Taxonomic revisions of living bear species
The giant panda's taxonomy (subfamily Ailuropodinae) has long been debated. Its original classification by Armand David in 1869 was within the bear genus Ursus, but in 1870, it was reclassified by Alphonse Milne-Edwards to theraccoon family.[14] In recent studies, the majority of DNA analyses suggest the giant panda has a much closer relationship to other bears and should be considered a member of the family Ursidae.[15] Estimates of divergence dates place the giant panda as the most ancient offshoot among living taxa within Ursidae, having split from other bears 17.9 to 22.1 Mya.[10] The red panda was included within Ursidae in the past. However, more recent research does not support such a conclusion, and instead places it in its own family Ailuridae, in superfamily Musteloidea along with Mustelidae, Procyonidae, and Mephitidae.[16][17][18] Multiple similarities between the two pandas, including the presence of false thumbs, are thus thought to represent an example of convergent evolution for feeding primarily on bamboo.

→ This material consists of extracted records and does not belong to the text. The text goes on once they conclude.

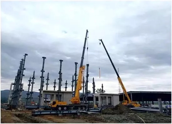 印尼蘇門答臘島最大的發電廠,徐工起重機聯合吊裝鋼結構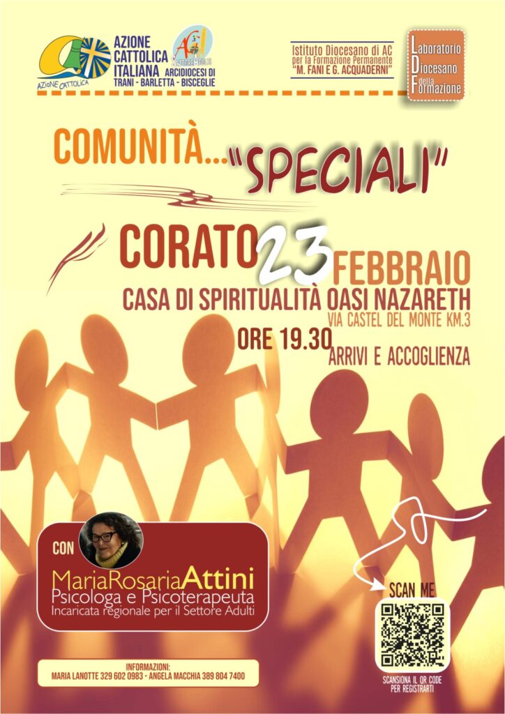 Secondo appuntamento del Laboratorio Diocesano della Formazione del Settore Adulti di Azione Cattolica Il Settore Adulti dell’Azione Cattolica diocesana organizza il secondo appuntamento del Laboratorio Diocesano della Formazione, che si terrà lunedì 23 febbraio alle ore 19:30 presso la Casa di Spiritualità Oasi di Nazareth, a Corato. È possibile partecipare all’iniziativa compilando il modulo al seguente link:   https://forms.gle/96SFg412DGM7YmFz9   L’incontro si aprirà con … Continua a leggere »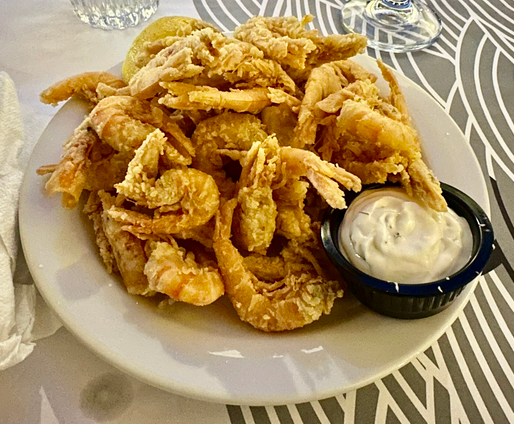 Seafood is also pretty seasonal and local, which is a good thing. Menus usually highlight if fish is frozen (IE, probably came from elsewhere) or not. I was able to get local tiny shrimp - delicious! - sea bass, squid, and some other things when I was there in early May. There's also some lovely stuff on offer at the local fish markets, which might be fun to cook with if you're staying in a place with a kitchen.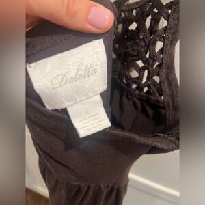 DELETTA Anthropologie Crochet Neckline Tie Back Halter Sun Dress size Small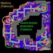 The maps indicate a way which you will encounter less of the strong quara (you do not have to follow them). The green areas are the places you will go for the Yalahari's bad side, whereas the yellow shows Palimuth's good side. Until the 2nd map you will only meet Quara Constrictors and Quara Mantassins. On the last floor you will also meet Quara Hydromancers, Quara Pinchers and Quara Predators.

Unlike their neighbors elsewhere, the brown bears of Alaska's ABC Islands evidently are more closely related to polar bears than to other brown bears in the world. Researchers Gerald Shields and Sandra Talbot of the University of Alaska Fairbanks Institute of Arctic Biology studied the DNA of several samples of the species and found their DNA is different from that of other brown bears. The discovery has shown, while all other brown bears share a brown bear as their closest relative, those of Alaska's ABC Islands differ and share their closest relation with the polar bear.[19] Also, the very rare Tibetan blue bear is a type of brown bear. This animal has never been photographed.[citation needed]
Koalas are often referred to as bears due to their appearance; they are not bears, however, but are marsupials.